Your response to the data below should hold nothing except the lines from the one containing "ランダムに出題されるたった1" down to the one containing "Ši nuostabi, spalvinga, didelė", reproduced exactly and without pictures.

##### SOURCE RECORDS #####

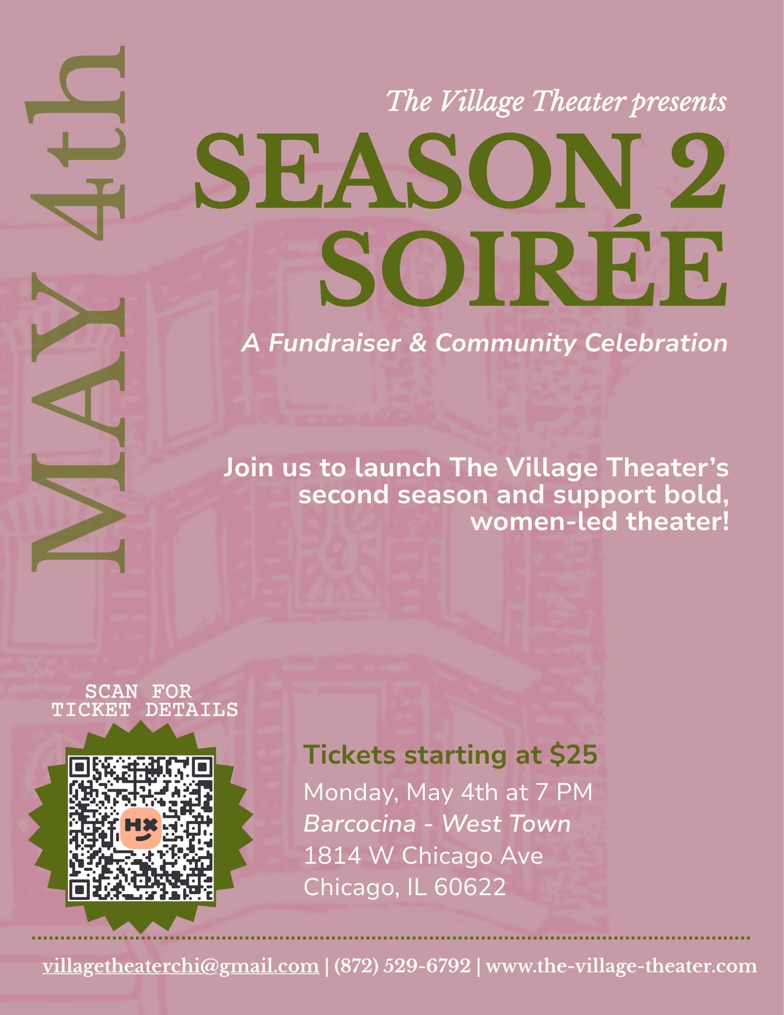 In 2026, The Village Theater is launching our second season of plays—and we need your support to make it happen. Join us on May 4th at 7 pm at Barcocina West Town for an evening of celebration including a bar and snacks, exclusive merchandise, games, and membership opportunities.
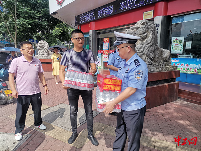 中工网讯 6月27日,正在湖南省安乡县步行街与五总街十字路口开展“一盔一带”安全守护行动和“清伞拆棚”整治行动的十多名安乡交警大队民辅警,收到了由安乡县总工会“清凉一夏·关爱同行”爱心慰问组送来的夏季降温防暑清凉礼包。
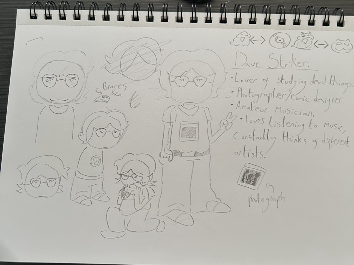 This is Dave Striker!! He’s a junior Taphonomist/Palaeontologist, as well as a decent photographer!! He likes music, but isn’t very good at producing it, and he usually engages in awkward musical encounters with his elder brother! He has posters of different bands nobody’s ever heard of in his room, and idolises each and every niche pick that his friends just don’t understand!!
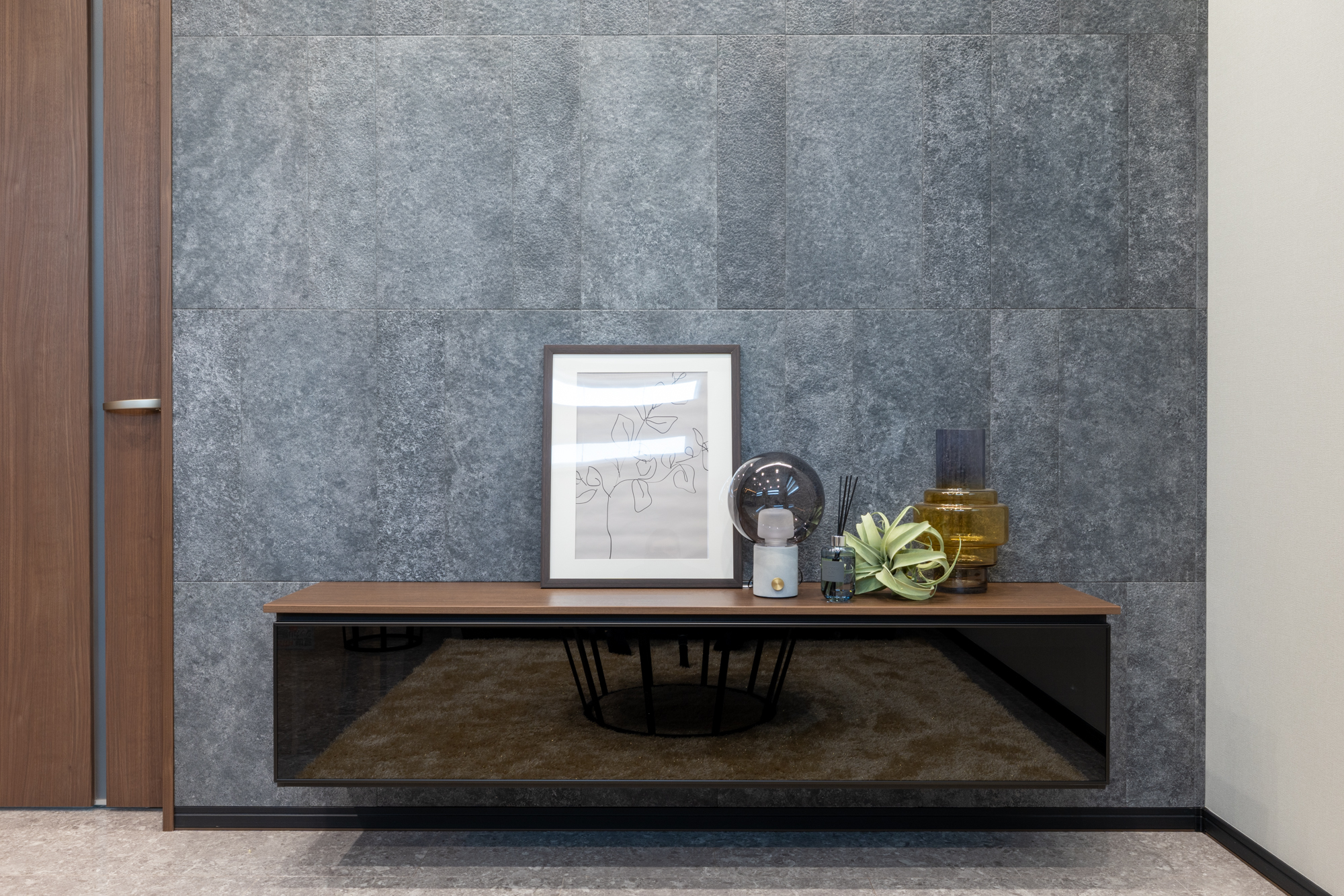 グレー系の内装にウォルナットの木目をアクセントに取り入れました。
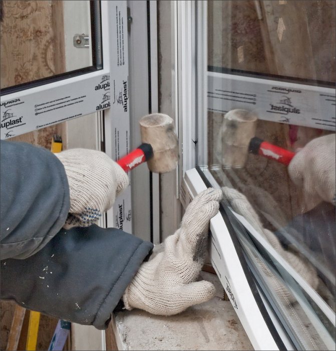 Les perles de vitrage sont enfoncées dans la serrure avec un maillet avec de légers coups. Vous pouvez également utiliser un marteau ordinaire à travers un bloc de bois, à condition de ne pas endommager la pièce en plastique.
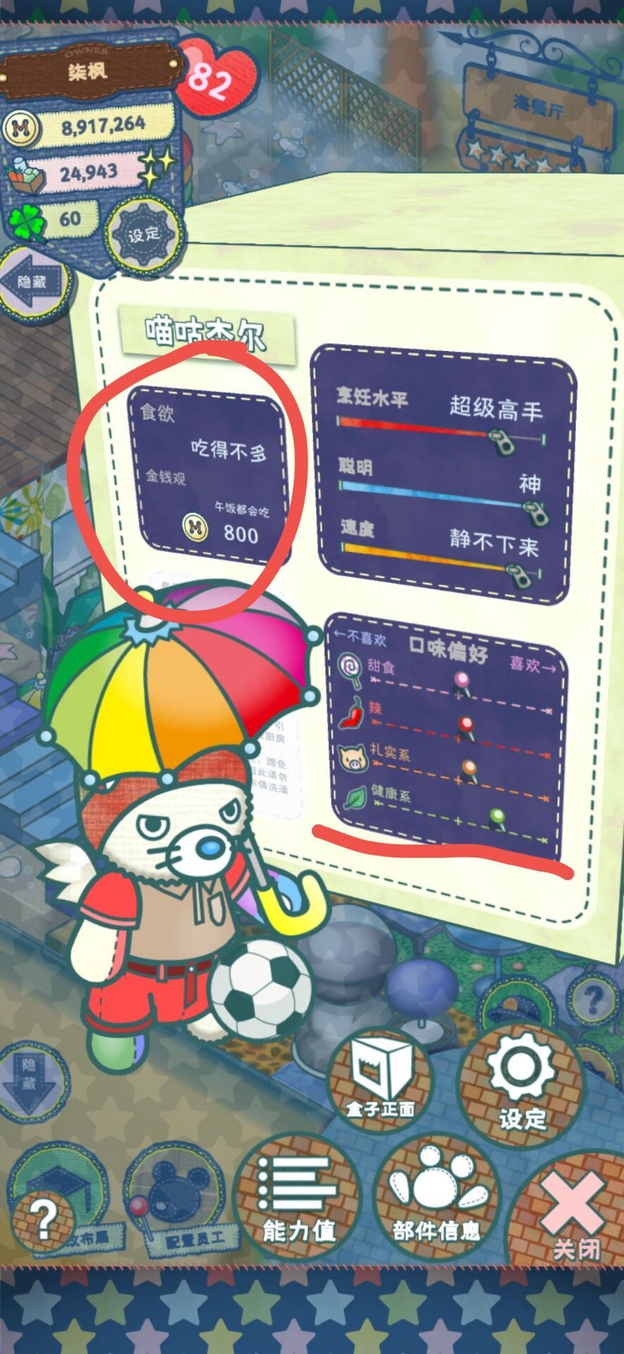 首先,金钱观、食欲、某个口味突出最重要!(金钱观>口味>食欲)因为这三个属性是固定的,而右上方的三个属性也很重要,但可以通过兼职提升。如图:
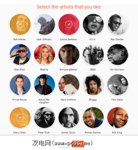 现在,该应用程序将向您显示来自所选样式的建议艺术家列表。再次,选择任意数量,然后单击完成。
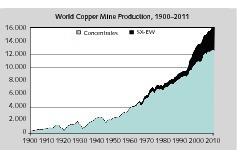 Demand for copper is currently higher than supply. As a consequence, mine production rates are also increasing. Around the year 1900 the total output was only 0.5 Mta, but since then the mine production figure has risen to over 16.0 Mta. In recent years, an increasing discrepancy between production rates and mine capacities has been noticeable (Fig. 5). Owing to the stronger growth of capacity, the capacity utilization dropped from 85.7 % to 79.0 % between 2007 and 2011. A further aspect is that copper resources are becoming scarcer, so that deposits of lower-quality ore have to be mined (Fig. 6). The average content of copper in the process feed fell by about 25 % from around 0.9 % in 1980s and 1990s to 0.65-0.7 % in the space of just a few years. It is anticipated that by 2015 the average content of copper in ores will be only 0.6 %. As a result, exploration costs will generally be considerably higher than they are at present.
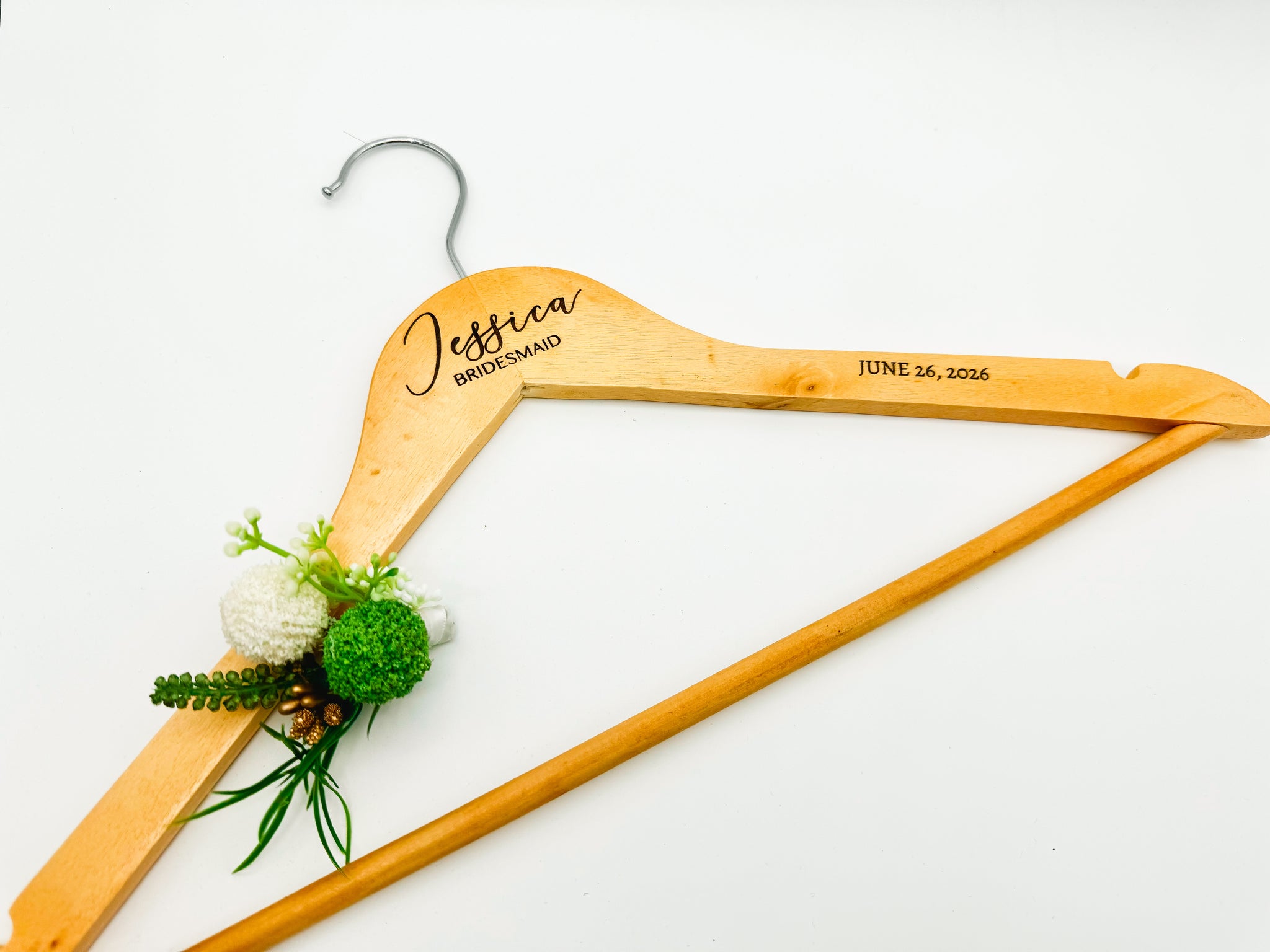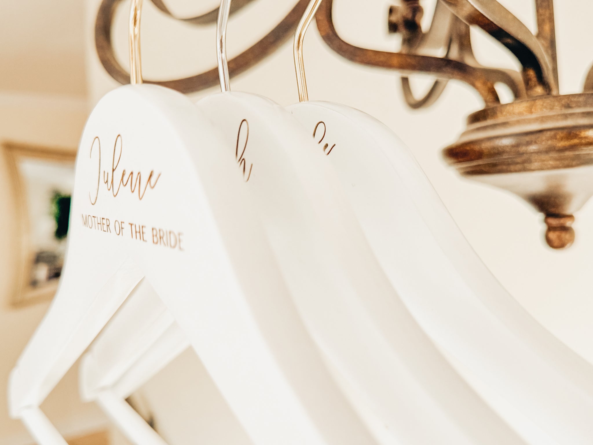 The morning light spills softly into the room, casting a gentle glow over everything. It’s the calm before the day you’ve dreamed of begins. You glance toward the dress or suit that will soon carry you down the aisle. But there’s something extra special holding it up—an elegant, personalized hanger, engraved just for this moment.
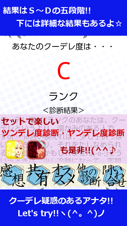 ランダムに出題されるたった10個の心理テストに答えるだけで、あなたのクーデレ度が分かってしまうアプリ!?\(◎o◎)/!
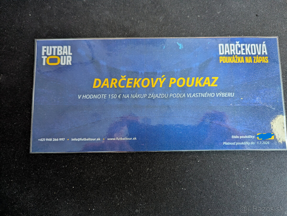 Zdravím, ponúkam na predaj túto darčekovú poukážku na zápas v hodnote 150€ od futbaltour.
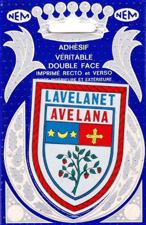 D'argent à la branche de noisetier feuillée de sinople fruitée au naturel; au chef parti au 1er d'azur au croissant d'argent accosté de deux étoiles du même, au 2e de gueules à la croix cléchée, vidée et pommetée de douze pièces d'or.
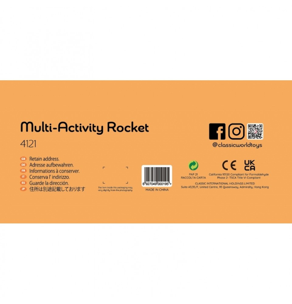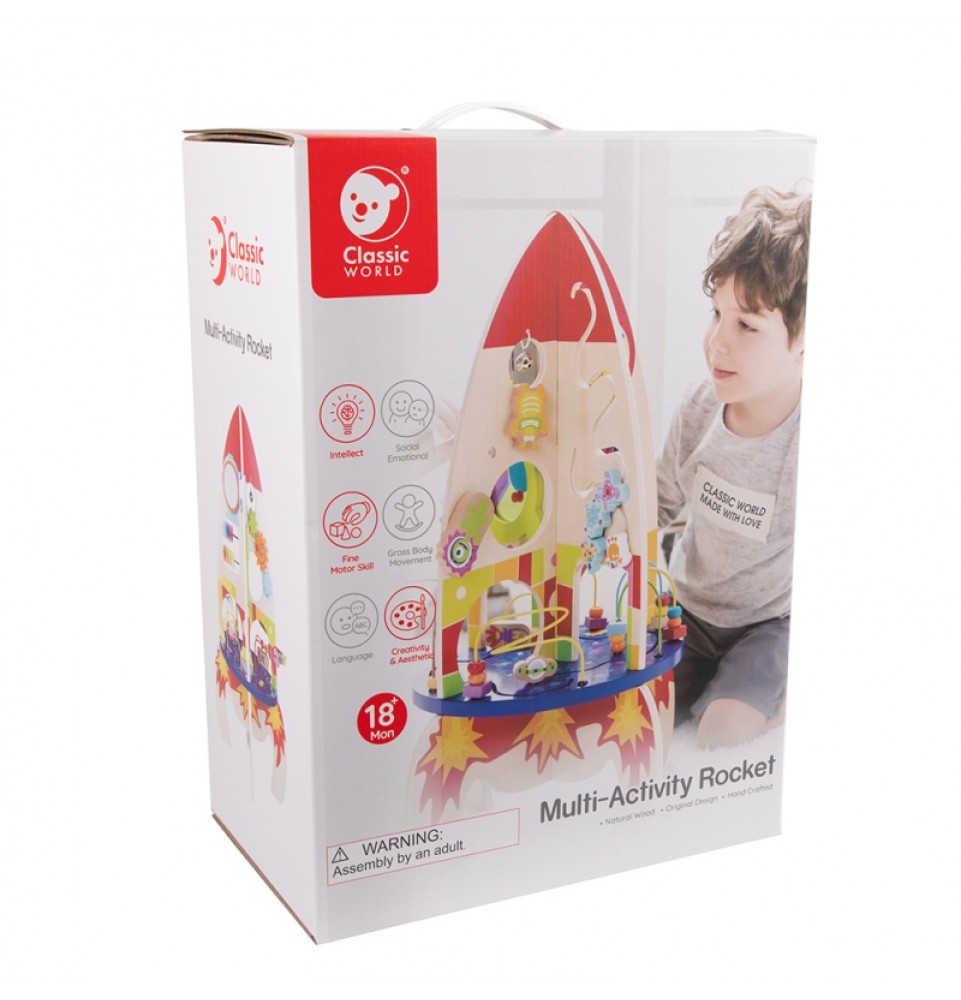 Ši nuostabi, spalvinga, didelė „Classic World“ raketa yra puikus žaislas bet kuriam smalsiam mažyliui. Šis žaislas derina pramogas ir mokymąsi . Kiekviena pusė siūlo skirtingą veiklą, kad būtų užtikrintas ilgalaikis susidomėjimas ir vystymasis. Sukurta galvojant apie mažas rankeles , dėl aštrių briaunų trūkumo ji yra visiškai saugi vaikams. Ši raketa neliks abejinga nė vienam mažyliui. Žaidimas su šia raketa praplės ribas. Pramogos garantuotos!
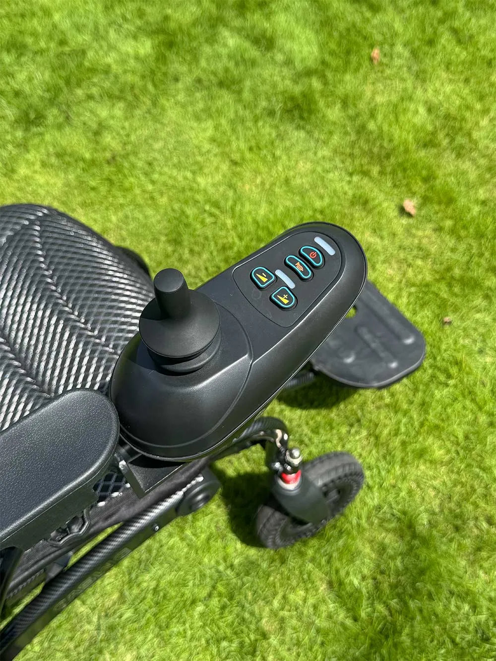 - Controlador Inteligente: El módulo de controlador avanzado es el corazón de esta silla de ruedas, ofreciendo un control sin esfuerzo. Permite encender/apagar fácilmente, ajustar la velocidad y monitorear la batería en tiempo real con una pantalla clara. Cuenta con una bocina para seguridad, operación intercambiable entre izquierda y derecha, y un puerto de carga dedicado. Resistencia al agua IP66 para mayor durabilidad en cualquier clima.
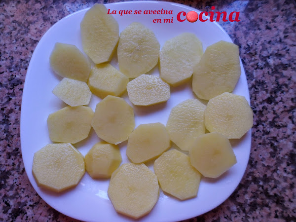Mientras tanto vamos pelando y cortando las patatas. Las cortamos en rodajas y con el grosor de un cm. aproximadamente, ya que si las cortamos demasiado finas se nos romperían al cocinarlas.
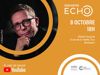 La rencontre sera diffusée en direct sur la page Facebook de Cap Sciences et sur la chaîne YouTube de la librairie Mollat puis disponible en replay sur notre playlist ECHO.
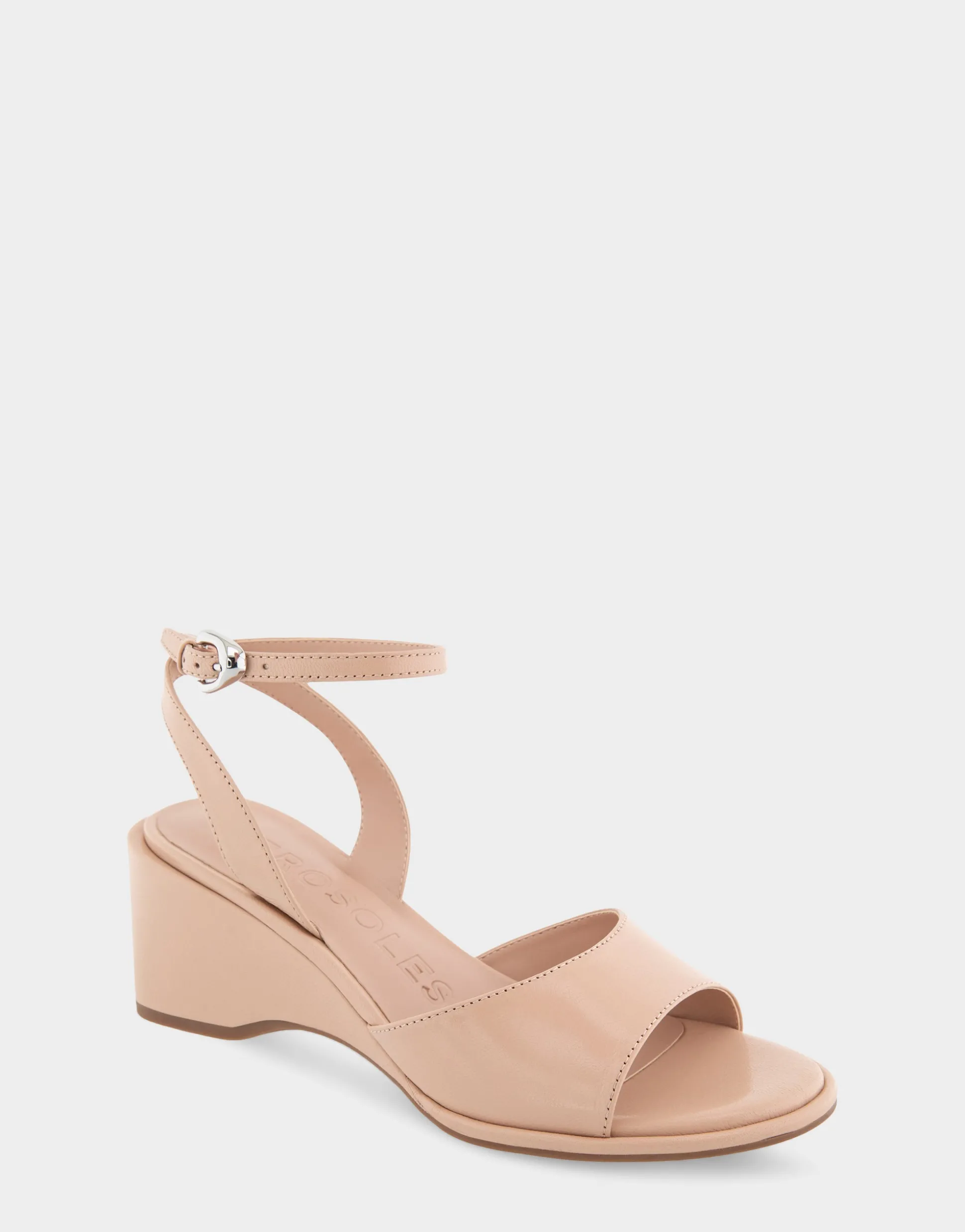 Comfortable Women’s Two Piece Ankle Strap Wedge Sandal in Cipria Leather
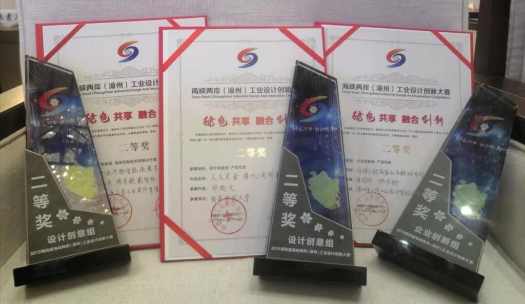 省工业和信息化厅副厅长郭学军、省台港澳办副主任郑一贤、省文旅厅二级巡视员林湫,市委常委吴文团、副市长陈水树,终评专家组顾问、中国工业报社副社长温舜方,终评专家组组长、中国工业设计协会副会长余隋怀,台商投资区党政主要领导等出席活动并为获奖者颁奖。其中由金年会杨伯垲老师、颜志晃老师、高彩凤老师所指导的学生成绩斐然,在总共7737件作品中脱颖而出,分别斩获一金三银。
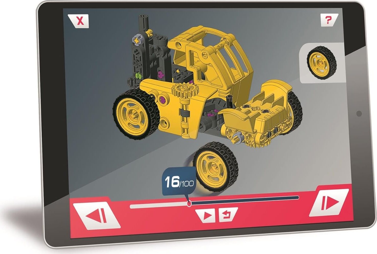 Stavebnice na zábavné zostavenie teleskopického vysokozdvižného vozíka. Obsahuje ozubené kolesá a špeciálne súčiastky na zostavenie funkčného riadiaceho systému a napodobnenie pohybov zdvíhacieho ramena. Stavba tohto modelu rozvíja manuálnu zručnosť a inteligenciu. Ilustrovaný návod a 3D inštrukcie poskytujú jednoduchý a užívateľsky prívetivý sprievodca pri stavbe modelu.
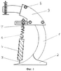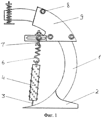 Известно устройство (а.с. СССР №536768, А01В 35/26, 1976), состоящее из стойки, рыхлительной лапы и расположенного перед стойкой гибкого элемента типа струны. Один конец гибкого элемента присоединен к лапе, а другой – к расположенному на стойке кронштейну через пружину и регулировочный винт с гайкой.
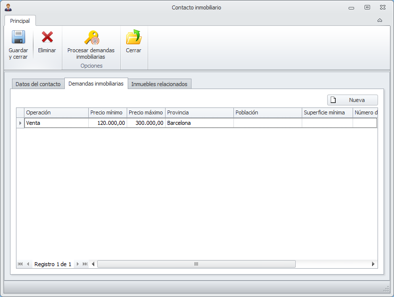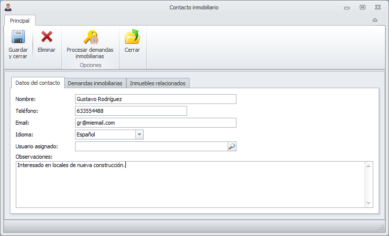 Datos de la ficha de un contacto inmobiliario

#####

◆ **ANSWER SPACE**
 ランダムに出題されるたった10個の心理テストに答えるだけで、あなたのクーデレ度が分かってしまうアプリ!?\(◎o◎)/!
 Zdravím, ponúkam na predaj túto darčekovú poukážku na zápas v hodnote 150€ od futbaltour.
 D'argent à la branche de noisetier feuillée de sinople fruitée au naturel; au chef parti au 1er d'azur au croissant d'argent accosté de deux étoiles du même, au 2e de gueules à la croix cléchée, vidée et pommetée de douze pièces d'or.
 Ši nuostabi, spalvinga, didelė „Classic World“ raketa yra puikus žaislas bet kuriam smalsiam mažyliui. Šis žaislas derina pramogas ir mokymąsi . Kiekviena pusė siūlo skirtingą veiklą, kad būtų užtikrintas ilgalaikis susidomėjimas ir vystymasis. Sukurta galvojant apie mažas rankeles , dėl aštrių briaunų trūkumo ji yra visiškai saugi vaikams. Ši raketa neliks abejinga nė vienam mažyliui. Žaidimas su šia raketa praplės ribas. Pramogos garantuotos!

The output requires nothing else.